Reviewed by Elaine Petrocelli, Adjunct Instructor, North Shore Community College on 5/27/20

This text is comprehensive for an Elementary Statistics course that is not geared toward math or engineering majors. It covers all the typical topics found in an Intro to Statistics book. The text includes an introduction and chapter... read more

This text is comprehensive for an Elementary Statistics course that is not geared toward math or engineering majors. It covers all the typical topics found in an Intro to Statistics book. The text includes an introduction and chapter objectives at the beginning of each chapter. There are examples as well as Try It problems. At the end of each chapter included are key terms, chapter review, formula review, practice and homework problems and a StatsLab exercise. Answers to odd questions are available as well. It includes a nice glossary and index that are easy to use.

The text is complete and the formulas and key terms are accurate as well as unbiased. I did not find any errors in the calculations.

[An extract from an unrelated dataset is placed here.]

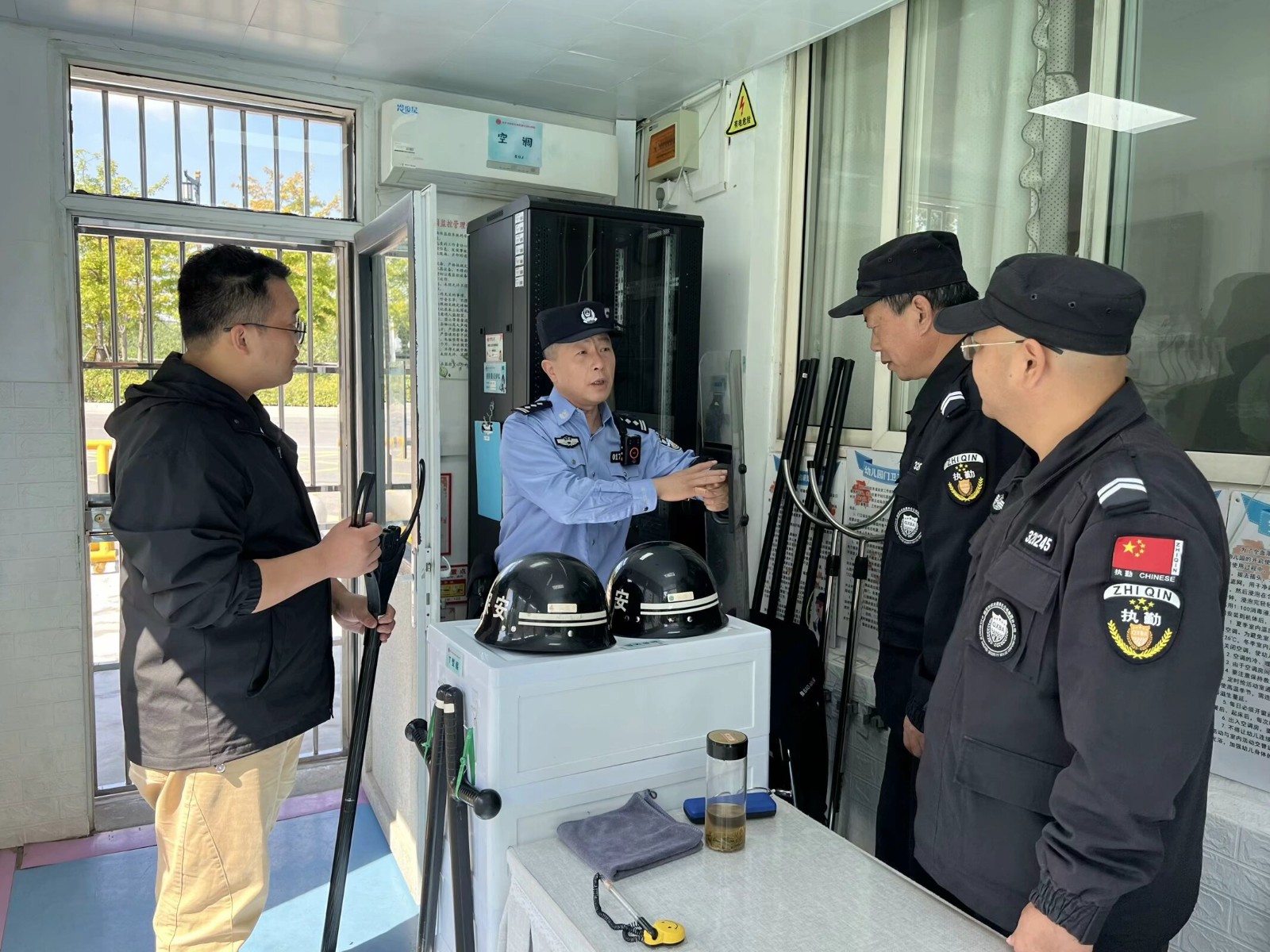 栖霞派出所王刚警官前期对幼儿园安保人员进行了培训,详细讲解了钢叉、盾牌、警棍等器械装备的使用方法。反恐防暴小组在会议室开展了安全演练布置会,后勤主任孙蓉对全体教职员工做了工作部署。

The content is up to date and will not become obsolete any time soon. The examples used are classic and ageless. Because of the structure of the book, any updates would be relatively easy to incorporate.

The text is written very clearly in a manner that students can understand. The examples and try it problems allow the student to apply what they've learned to test their understanding. The end of the chapter review, key terms and formula review are also very helpful. The instructions for the problems are clearly written and easy to follow.

The text is consistent throughout in format and in usage of industry standard terms and formulas. The framework and terminology is consistent with that of other published statistics text books.

The text can easily be divided into sections that can be taught at different times during the course. In the preface of the book it even lists alternate sequencing. There are several sections that could be left out or used as stand alone.

The topics in the book are presented in a clear logical order. The text includes an introduction and chapter objectives at the beginning of each chapter. There are examples as well as try it problems. At the end of each chapter included are key terms, chapter review, formula review, practice and homework problems and a StatsLab exercise. Answers to odd questions are available as well. The different color highlighting and bolding also help to transition from topic to topic or to the next chapter. The organization also allows for skipping sections or teaching out of order.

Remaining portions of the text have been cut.